*** Provided data ***

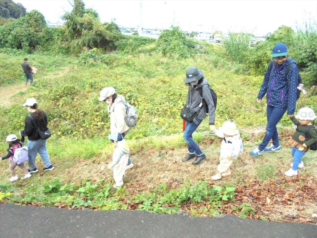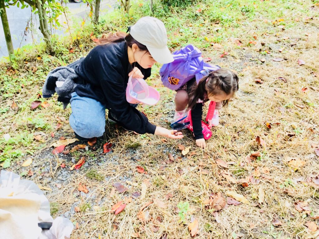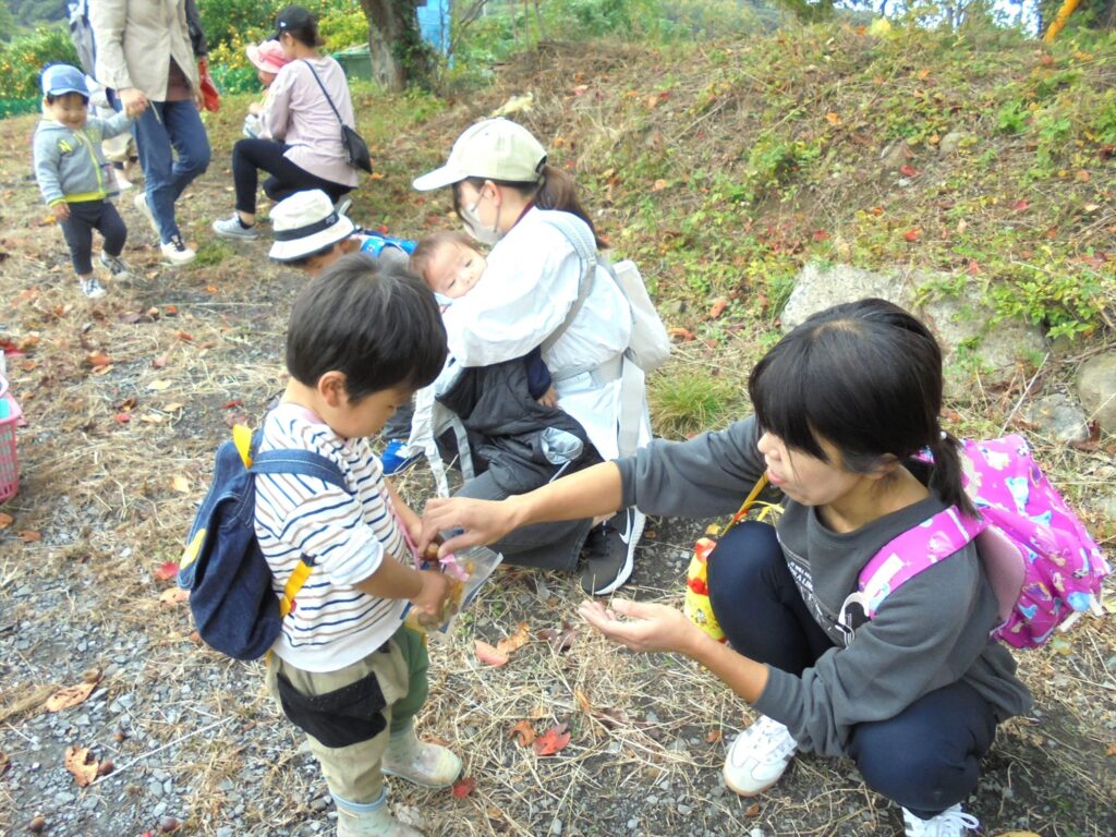 農園からの帰り道では、どんぐり拾いや落ち葉拾いを楽しみました。
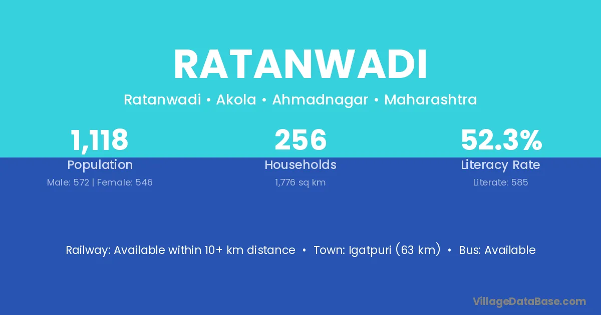 Mangrulpir (30 km) is the nearest town to Ratanwadi village for major economic activities and is located approximately 30 km away.
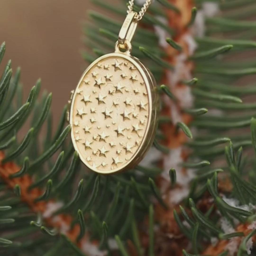 Der ovale Anhänger unseres Medaillons Mond & Sternenhimmel wird von einer filigranen vergoldeten Kette gehalten und lässt sich öffnen. So kannst du eine besondere Botschaft im Inneren verschenken oder nah an deinem Herzen tragen. Eine perfekte Mondsichel, umringt von vielen kleinen Sternen, versprüht dabei ein Hauch von Magie und macht diese Kette zu etwas ganz Besonderem.
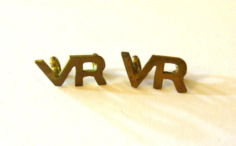 Brass V R Badges worn by the Royal Air Force Volunteer Reserve from 1941 to 1944. This pair are in good used condition. Ref. AF14
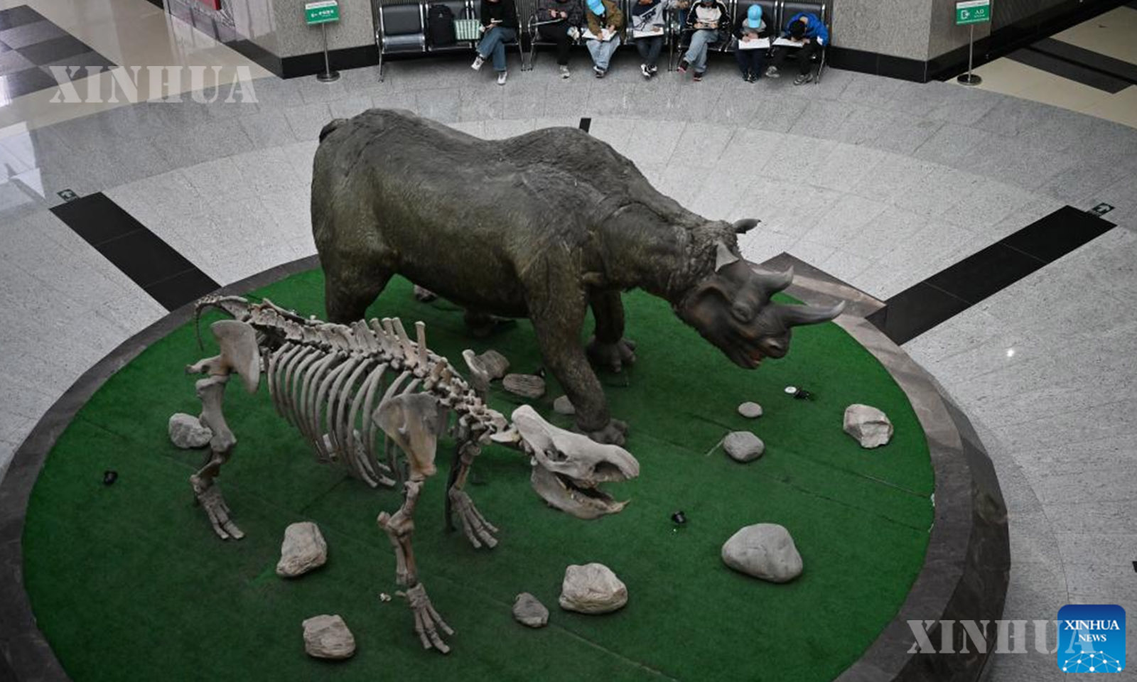 Students sketch a woolly rhinoceros specimen at the Animal Museum of the Northwest A&F University Exposition Park in Yangling, northwest China’s Shaanxi Province, Oct. 26, 2025. (Xinhua/Li Yibo)
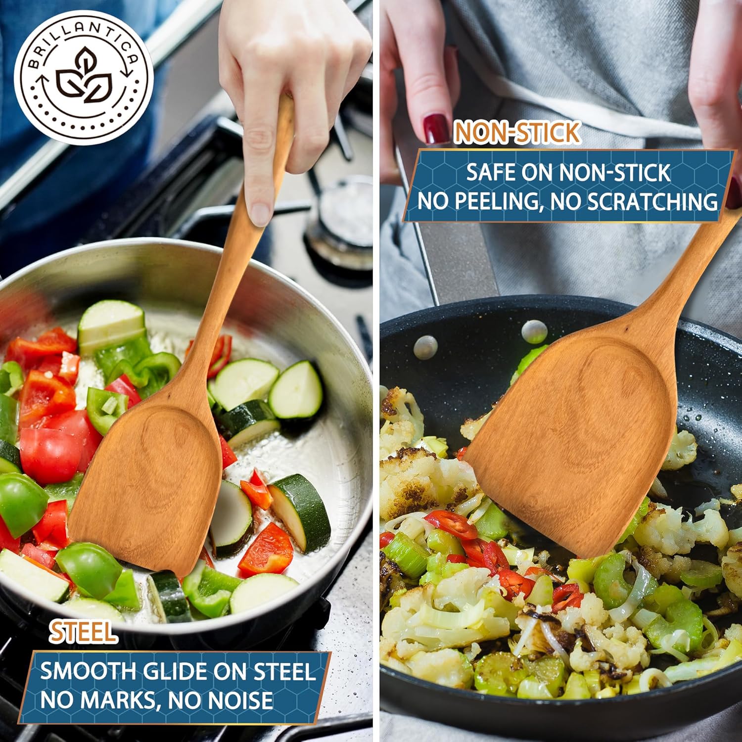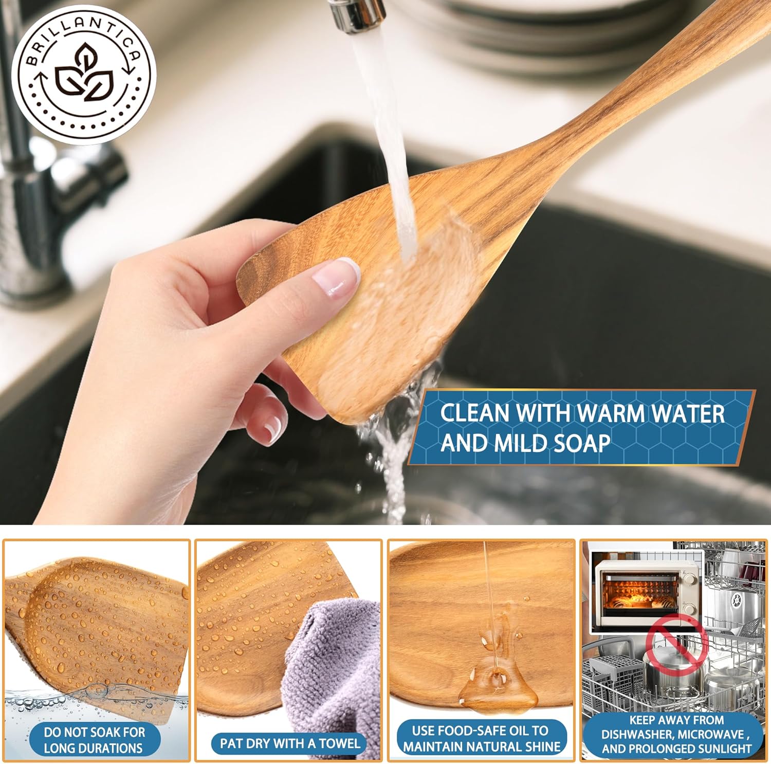 BPA Free: Crafted from natural wood for safe and healthy cooking.Natural Teakwood: Natural materials for an environmentally conscious kitchen.Heat Resistant: Durable wooden construction withstands high temperatures without damage.Not Dishwasher Safe: Hand wash recommended to preserve the natural beauty and integrity of the wood. Experience the Brillantica Difference
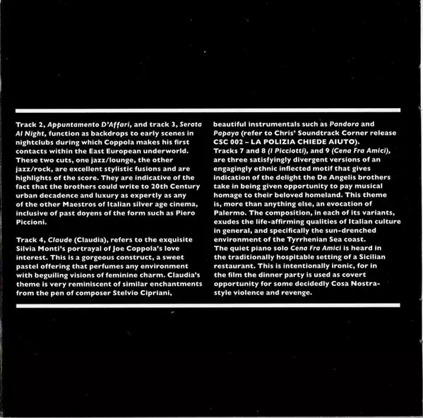 | Titel | Afyon Oppio = The Sicilian Connection (Original Motion Picture Soundtrack) |

***

__Exercise objective__.
Exactly as written, copy the entries above without their pictures.

__Completed task__.
 農園からの帰り道では、どんぐり拾いや落ち葉拾いを楽しみました。
 Mangrulpir (30 km) is the nearest town to Ratanwadi village for major economic activities and is located approximately 30 km away.
 Der ovale Anhänger unseres Medaillons Mond & Sternenhimmel wird von einer filigranen vergoldeten Kette gehalten und lässt sich öffnen. So kannst du eine besondere Botschaft im Inneren verschenken oder nah an deinem Herzen tragen. Eine perfekte Mondsichel, umringt von vielen kleinen Sternen, versprüht dabei ein Hauch von Magie und macht diese Kette zu etwas ganz Besonderem.
 Brass V R Badges worn by the Royal Air Force Volunteer Reserve from 1941 to 1944. This pair are in good used condition. Ref. AF14
 Students sketch a woolly rhinoceros specimen at the Animal Museum of the Northwest A&F University Exposition Park in Yangling, northwest China’s Shaanxi Province, Oct. 26, 2025. (Xinhua/Li Yibo)
 BPA Free: Crafted from natural wood for safe and healthy cooking.Natural Teakwood: Natural materials for an environmentally conscious kitchen.Heat Resistant: Durable wooden construction withstands high temperatures without damage.Not Dishwasher Safe: Hand wash recommended to preserve the natural beauty and integrity of the wood. Experience the Brillantica Difference
 | Titel | Afyon Oppio = The Sicilian Connection (Original Motion Picture Soundtrack) |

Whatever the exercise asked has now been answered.